*** Block opens ***
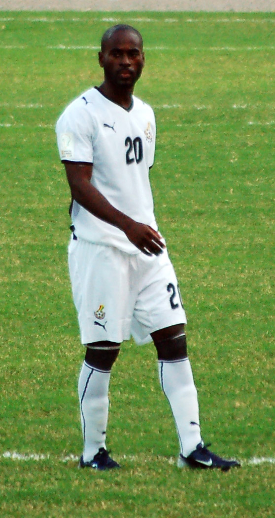 Quincy warming up - Ghana v Nigeria, African Cup of Nations 2008
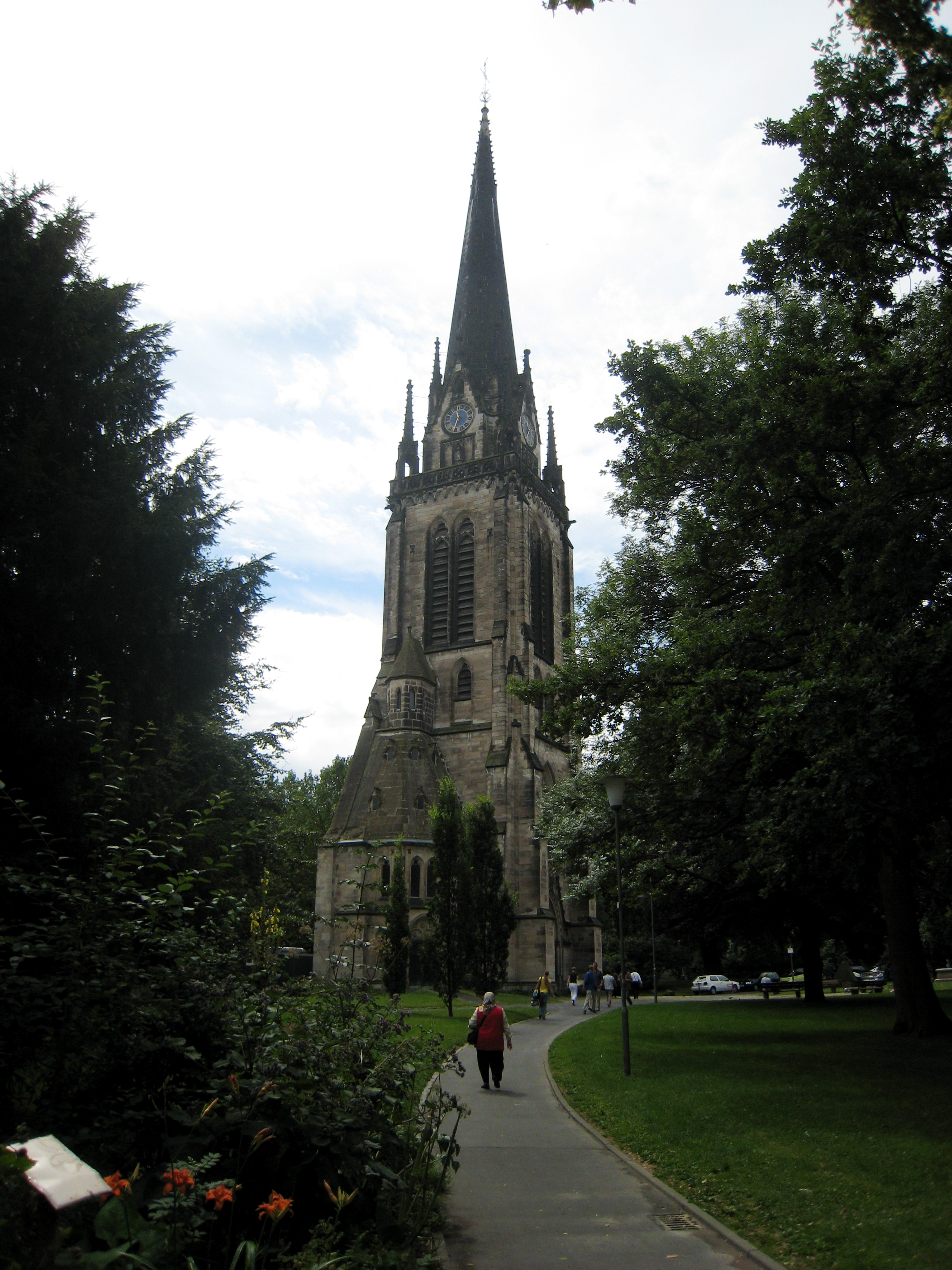 This neogothic tower is all that remains of the original 1894 Lutherkirche in central Kassel. Services are now being held in a modern concrete building nearby.
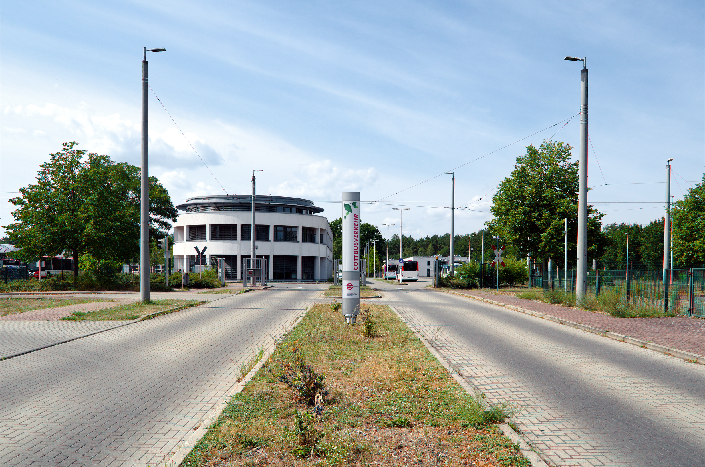 Main entrance for buses, maintenance vehicles and visitors. The round building houses the dispatcher's office among other things.
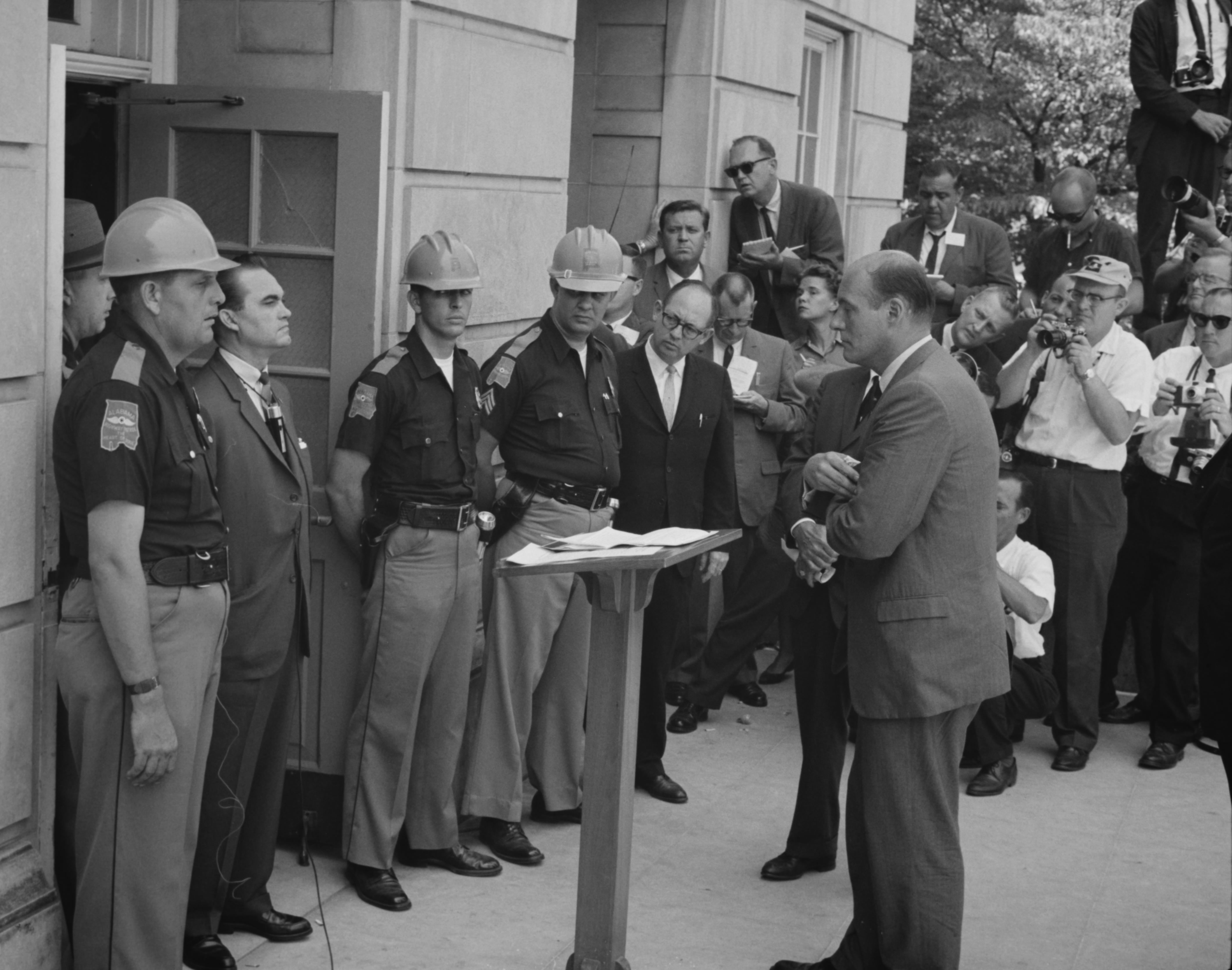 Attempting to block integration at the University of Alabama, Governor George Wallace stands defiantly at the door while being confronted by Deputy U.S. Attorney General Nicholas Katzenbach.
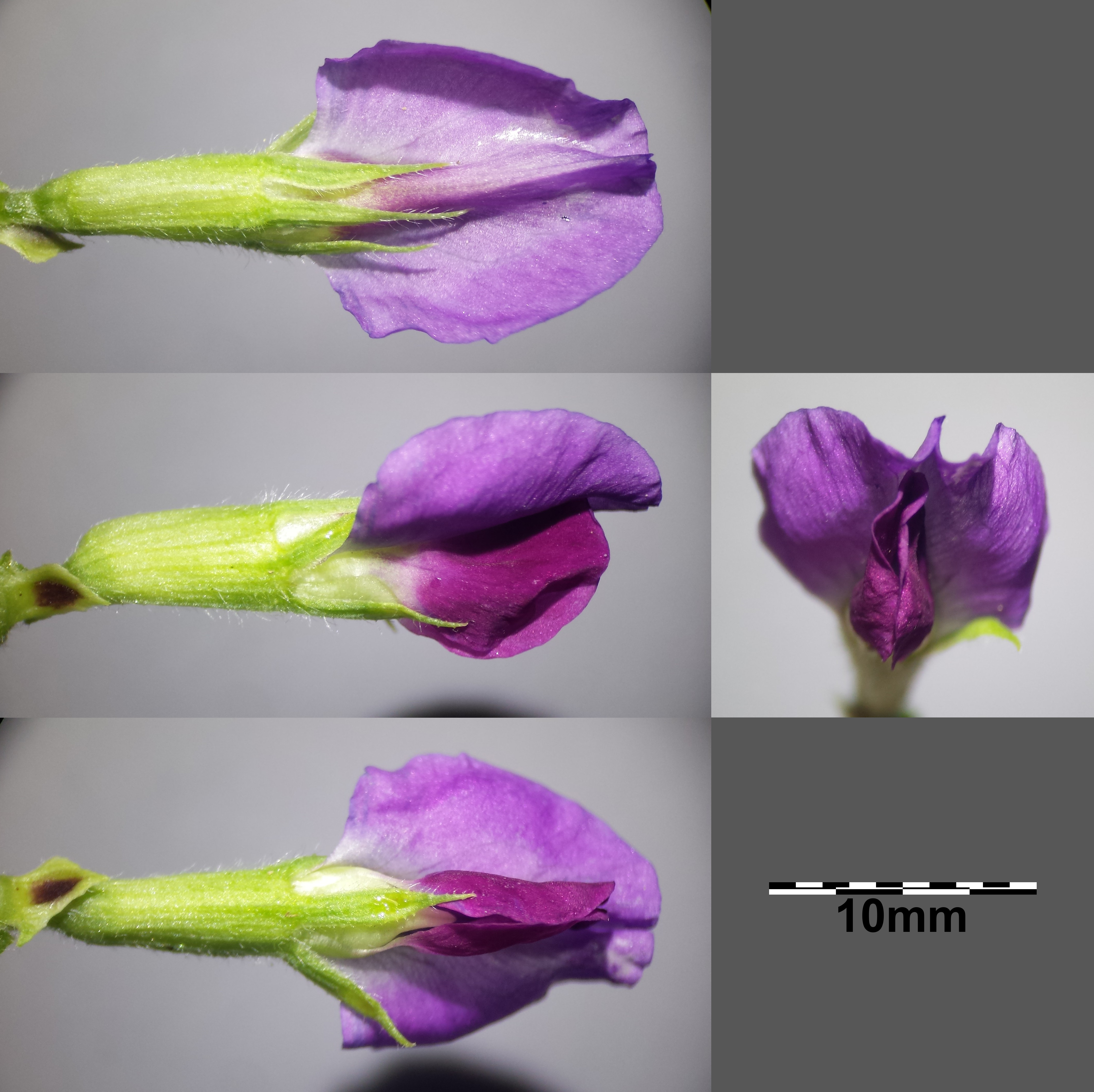 Flower Taxonym: Vicia sativa ss Fischer et al. EfÖLS 2008 ISBN 978-3-85474-187-9 Location: Altenberg north of Nursch, district Korneuburg, Lower Austria - ca. 350 m a.s.l. Habitat: grainfield (cultivated)
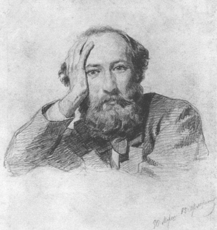 Portrait of Russian baritone opera singer Gennady Kondratiev (1835-1905)
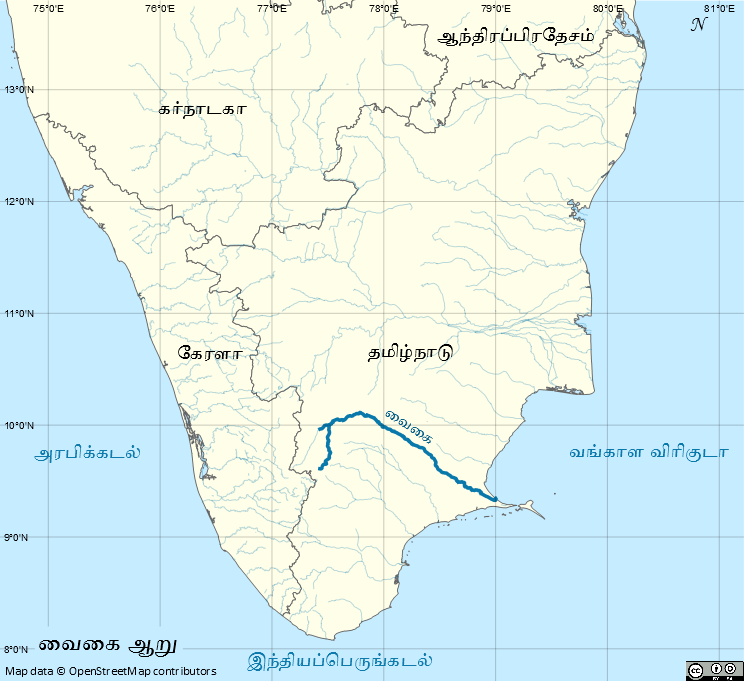 Map showing river Vaigai.
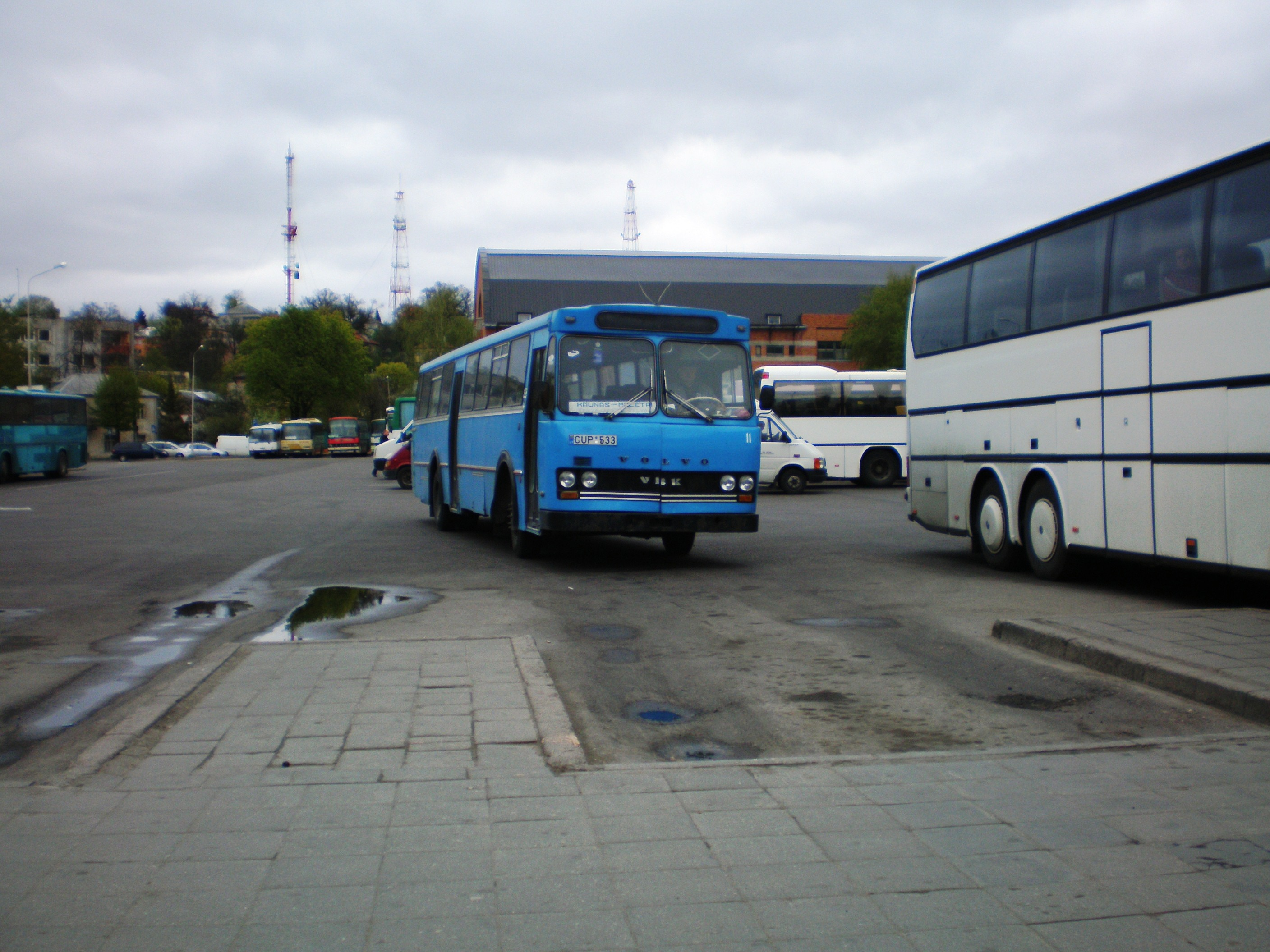 unknown old Volvo VBK bus (route Kaunas-Jonava-Ukmergė-Molėtai) in Lithuania, Kaunas Bus station.
*** Block closes ***
● **Prompt**:
Reproduce, word for word, everything in the listing above from the line containing "Flower Taxonym: Vicia" down to the line containing "Map showing river Vaigai.", both of them included. No pictures.

● **Answer box**:
 Flower Taxonym: Vicia sativa ss Fischer et al. EfÖLS 2008 ISBN 978-3-85474-187-9 Location: Altenberg north of Nursch, district Korneuburg, Lower Austria - ca. 350 m a.s.l. Habitat: grainfield (cultivated)
 Portrait of Russian baritone opera singer Gennady Kondratiev (1835-1905)
 Map showing river Vaigai.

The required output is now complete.